Excerpted from Winging It with Dr. Paul: Forty Tales Your Flight Instructor Never Told You

The last lady pilot we'd had around these parts musta flew straight up from hell. An old witch of a woman with a big hawk nose and the voice of a screech-owl, name of Avalon Eden. Used to give flying lessons outa the hayfield east of town, in a powder blue Aeronca Champ that'd bug your eyes. I mean powder blue like a diaper truck or a bakery wagon, not Piper-Cub Yellow or O. D. Green like any sensible trainer oughta be. No sir, a gleaming, spotless powder blue - old Avalon was always goin' on about respect for the machinery. Anyways, there she'd be in that hayfield, six AM of every Saturday and Sunday rain or shine, putting the fear of God and the love of the sky into all who dared (or all who cared twelve bucks a lesson worth), 'til she and her rolled-up sectional chart, the one she used to whap you on the head with when you got the controls crossed, just kinda dropped outa sight.

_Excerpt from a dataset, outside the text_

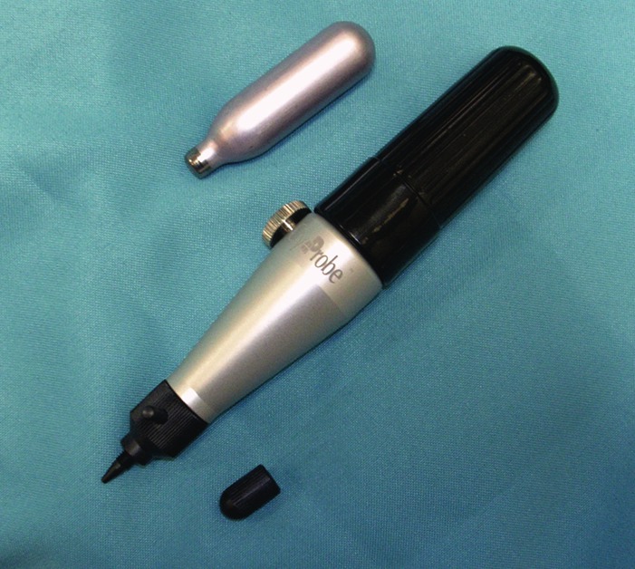 9. CryoProbe™ (H&O Equipments). Cryosurgical technology has surfaced in recent years as a method of treating various lower extremity skin conditions. A newer version of the technology is the portable Cryoprobe unit. As the company notes, the Cryoprobe combines a high pressure jet with low temperatures. Treatment time only takes 15 to 30 seconds and H&O Equipments says patients will experience “little to no discomfort.” Gary Dockery, DPM, has found the Cryoprobe helpful in treating various benign lesions of the lower extremity, including verrucae, skin tags, seborrheic keratoses and molluscum contagiosum. As he explains, the handheld device uses small cartridges to convert nitrous oxide gas into liquid N2O at minus 127º F under pressures of 725 psi. “Since it is small and appears very high-tech, it is well accepted by older patients and children. There is very little discomfort with its use and the results are excellent,” notes Dr. Dockery, a Fellow of the American Society of Podiatric Dermatology and a Fellow of the American College of Foot and Ankle Surgeons.

That musta been maybe eighteen, twenty years ago, and she'd not been heard of since. The old girl had been on a self-renewal kick about then, but word had it she'd run off with a soap salesman from Missouri.

So you can imagine my surprise Sunday last, on seeing that self-same powder blue Champ slip over the fence and ease down into the hayfield east of town, and spotless as ever. It was Airshow weekend, and I kinda figured old Avalon had dropped back in for a visit. But the lady I saw swinging the tail around was an angel of eighteen, all tall cool blonde and easy graces, not hardly the witch of a flight instructor I'd been expecting. I guess others was thinking the same, 'cause pretty soon a crowd of twenty, thirty fliers was all bunched around the Champ, just gaping, and all with the same question frozen in their gaze: how'd she come by Avalon's machine?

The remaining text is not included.